## Description of the task
Look through the listing below for the line containing "1girl2boysarms upartist nameblack". Copy it and each line after it up to and including the line containing "Kahverengi deri kadın", exactly, leaving out pictures.
-------- Recorded information
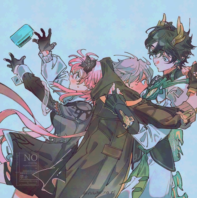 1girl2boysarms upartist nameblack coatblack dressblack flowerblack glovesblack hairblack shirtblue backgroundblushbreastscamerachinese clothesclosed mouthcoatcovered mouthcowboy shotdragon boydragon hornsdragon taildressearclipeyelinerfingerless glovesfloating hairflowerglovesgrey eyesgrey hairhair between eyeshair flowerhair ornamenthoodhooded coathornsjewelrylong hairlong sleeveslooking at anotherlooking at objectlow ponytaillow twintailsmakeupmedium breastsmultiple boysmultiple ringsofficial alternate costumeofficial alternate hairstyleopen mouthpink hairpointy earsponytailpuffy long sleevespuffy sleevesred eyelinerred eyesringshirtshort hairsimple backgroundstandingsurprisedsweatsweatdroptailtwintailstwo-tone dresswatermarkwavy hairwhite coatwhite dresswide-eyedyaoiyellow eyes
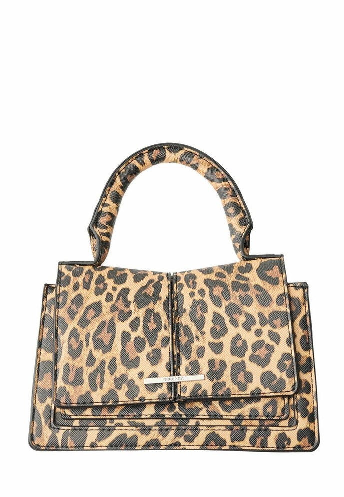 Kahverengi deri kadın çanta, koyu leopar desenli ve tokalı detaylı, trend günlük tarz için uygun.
----------------
-------- Recorded information
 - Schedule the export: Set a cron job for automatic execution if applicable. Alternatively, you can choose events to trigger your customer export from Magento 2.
----------------
-------- Recorded information
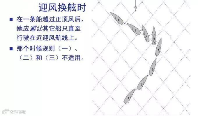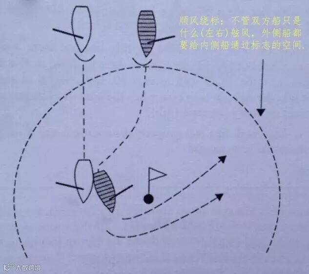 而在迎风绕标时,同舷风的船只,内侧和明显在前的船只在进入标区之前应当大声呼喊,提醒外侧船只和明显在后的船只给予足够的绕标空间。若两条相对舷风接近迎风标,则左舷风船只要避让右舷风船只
----------------
## Output for this task
 1girl2boysarms upartist nameblack coatblack dressblack flowerblack glovesblack hairblack shirtblue backgroundblushbreastscamerachinese clothesclosed mouthcoatcovered mouthcowboy shotdragon boydragon hornsdragon taildressearclipeyelinerfingerless glovesfloating hairflowerglovesgrey eyesgrey hairhair between eyeshair flowerhair ornamenthoodhooded coathornsjewelrylong hairlong sleeveslooking at anotherlooking at objectlow ponytaillow twintailsmakeupmedium breastsmultiple boysmultiple ringsofficial alternate costumeofficial alternate hairstyleopen mouthpink hairpointy earsponytailpuffy long sleevespuffy sleevesred eyelinerred eyesringshirtshort hairsimple backgroundstandingsurprisedsweatsweatdroptailtwintailstwo-tone dresswatermarkwavy hairwhite coatwhite dresswide-eyedyaoiyellow eyes
 Kahverengi deri kadın çanta, koyu leopar desenli ve tokalı detaylı, trend günlük tarz için uygun.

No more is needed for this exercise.